Sean Cohen and Mauricio "Maltron" Leal

"Software is eating the World," and this is particularly true if you have to keep your solution running non-stop, even after changes are made to your production environment, without creating disruptions for your users. Roughly speaking, we used to rely on traditional APM vendors (Application Performance Monitoring or Application Performance Management), and those vendors would provide the tools needed to make sure you can manage your failures and be able to pinpoint problems when they occur.

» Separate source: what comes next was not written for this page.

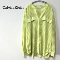Calvin Klein カルバンクライン L ホワイト 長袖レオパード襟シャツ

Although those vendors offered a key solution the market needed, over time everyone started to realize they were locked into their solutions. If for some reason we needed to change vendors, this would translate to a costly migration which could take years, and end with another lock-in situation.

Why open?

Observability solutions, roughly speaking, can be described in 4 simple steps:

  1. Creating Telemetry Signals (Instrumentation): This is the step you need to decide where in your workload you will need to focus your attention. The traditional way of doing this is to insert agents in your environment in order to collect telemetry signals. Another way is to add specific code into your solution in order to generate the information you need to track, usually done by Developers or SREs.
  2. Collecting, Aggregating or Exporting Telemetry Signals (Data Collection): The next step is about collecting the telemetry signals generated in (1) and deciding what to do with them. Dependending on the telemetry signal, we want to keep it for enhancement (like adding labels), batching, resource detection or sampling. At the end of this step, we want to send them for further processing and analysis.
  3. Processing Telemetry Signals (Data Processing): Once we have all the telemetry signals available, we can perform analysis and correlate to other historical data to detect trends. Oftentimes, some vendors employ AIOps to predict problems.
  4. Visualization: Finally, we're ready to show to our user how his/her solution is actually behaving and if there are areas of attention to focus on.

As the market evolves, many realized step #1 (Instrumentation) and step #2 (Data Collection) can be open sourced, as this gives a vendor agnostic approach to anyone to choose their way to Observability. In those 2 steps, 2 particular projects have stood out: OpenTracing and OpenCensus.

It's not uncommon in the Open Source world to have a few projects doing the same things or sometimes, taking different approaches to the same problem. Both communities understand they could benefit if they join forces and work together for a common good. As New Jersey Senator Cory Booker once said: "If you want to go fast, go alone; if you want to go far, go together"

The Dawn of OpenTelemetry

Since the inception of OpenTelemetry at the Cloud Native Computing Foundation (CNCF), it quickly became one of the most popular projects, indicating a clear interest in the market around Observability for Cloud Native workloads. Big players in the space such as Splunk, Red Hat, Dynatrace, Microsoft, Lightstep, Datadog, Amazon (just to name a few) support OpenTelemetry in different form and shape and in their respective websites, educating or promoting their approach to OpenTelemetry and give freedom to the market to choose how you want to bring Observability into your environment.

OpenTelemetry is an open-source observability telemetry data collection, offering vendor agnostic APIs in a cloud native environment.

There are many components about OpenTelemetry but I'm going to mention just 3 of them:

  1. Specification: It describes cross-language requirements and expectations for all implementations. This includes a common API all vendors agreed on and SDK specific for a computer language, as well as a wired protocol called OpenTelemetry Protocol (or OTLP for short) for cross-communication.
  2. Instrumentation: It offers several libraries for all kinds of computer languages observable out-of-the-box.
  3. Collector: This is a service to easily collect all the data generated by your instrumentation and you can decide what to do with it. This gives you the ability to offload your telemetry signals locally (act as an agent) or collect into a single cluster before exporting to a specific Vendor. The Collector offers you an unique way to leverage the power of OpenTelemetry without too many changes in your existing solution.

By harvesting the knowledge and experience of everyone involved in the Observability space, OpenTelemetry is helping us evolve to vendor agnostic situation in how we want to collect telemetry signals from our environment by different people in our organization, which it could be Application Developers, SREs, System Administrators, Security Administrators and etc.

Conclusion

OpenTelemetry is slowly becoming the standard for the industry for telemetry data collection by providing freedom on HOW you want to instrument and HOW you want to collect the data before you decide who is going to give the answers about the failures and performance of your solution.

If you are in an organization which needs to decide what telemetry signals are important to the business, then OpenTelemetry is definitely something you need to look at very closely. Also make sure your developers, SREs and systems administrators get a chance to evaluate it, as well.

At the end of the day, users are the big winners.